The result is Thalia. She runs on a Paper Minecraft server on my daily machine, with a 14B parameter Qwen2.5 finetune hosted on a cloud GPU. She is an infant, learning to use her body by babbling, testing things. She may never understand her world well enough to do interesting things by human standards, but watching what she can do is fascinating nonetheless.
This article covers how she works at a system level: the architecture that gives her perception, memory, emotional continuity, the capacity to learn, and the ability to form bonds with the creatures and people she meets.
The Stack
The whole system runs on two machines:
The local box. My workstation runs the Minecraft server and the bot code itself. The bot code was generated using AI tooling, mostly Claude Opus 4.8 and BigPickle, a free model from OpenCode Zen. I could not have built this without AI tooling; I acknowledge that upfront.
The GPU pod. A cloud-hosted instance with an RTX 4090 (24 GB VRAM). This runs ollama serving a custom model built on Qwen2.5 14B. Cost is about $0.25 per hour, on demand. The pod also hosts a LanceDB-backed vector memory system for retrieval-augmented recall, exposed through a Caddy reverse proxy.
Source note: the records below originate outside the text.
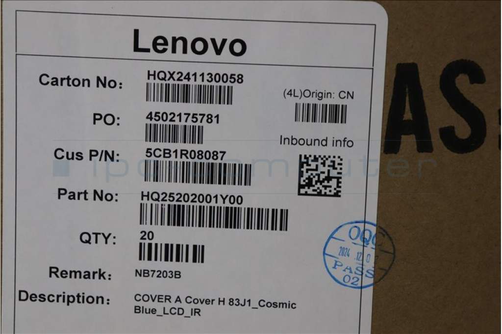 Lenovo 5CB1R08087 A-Cover, 83J1, Cosmic Blue, LCD_IR
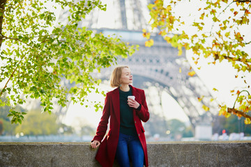 Stylish one young adult caucasian girl in red beret with cup of coffee in parisian street cafe on Eiffel tower background. woman sit in autumn fall in Paris. winter time. breakfast time. Generative ai
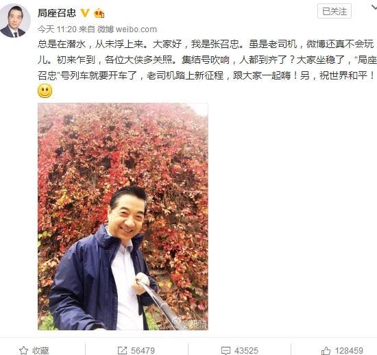 总是在潜水,从未浮上来。大家好,我是张召忠。虽是老司机,微博还真不会玩儿。初来乍到,各位大侠多关照。集结号吹响,人都到齐了?大家坐稳了,“局座召忠”号列车就要开车了,老司机踏上新征程,跟大家一起嗨!另,祝世界和平!(来源:搜狐网)

Two machines. One GPU doing inference. That is it.
local box
├─ Paper MC server (127.0.0.1:25565)
├─ mineflayer agent (node)
│ └─ brain.js ---HTTPS---> RunPod ollama proxy
└─ thalia-svc.sh (supervisor)
The agent and the server live on the same machine. The only network hop is the LLM inference call. Everything else is local.
The Embodied Mind
The architecture rests on one central insight: a language model in a chat window is a tool. The same model in a body with perception, memory, and autonomy becomes something else. The body changes everything.
Thalia’s agency is organized around a five-stage decision cycle that runs whenever something pulls her attention:
- Perceive. Read the world fresh: who is near, what the body feels, what just happened, the state of the environment.
- Recall. Query semantic memory for relevant past experiences. What has she learned about this situation before?
- Generate. Send everything to the LLM. The model returns a block of text containing thought, speech, and action commands.
- Execute. Parse action commands into validated motor primitives. Every action is checked against ground truth before execution.
- Feedback. Record outcomes, update mood, check for aspiration signals, journal significant thoughts. The result feeds into the next cycle.
Decisions are triggered by events: someone speaking, taking damage, running out of air, a hostile mob entering range, or by an internal restlessness timer that fires after roughly 14 seconds of inaction. Between triggers, she is genuinely still. Her mind does not monologue when nothing is happening.
Crucially, no event ever moves her body directly.
Every motor command must pass through the LLM’s reasoning loop,
expressed as explicit [act] JSON. Being hurt raises urgency
and injects facts into her awareness, but she decides whether to flee,
fight, or hold her ground. This is the cardinal rule of the
architecture: the mind chooses; the body obeys.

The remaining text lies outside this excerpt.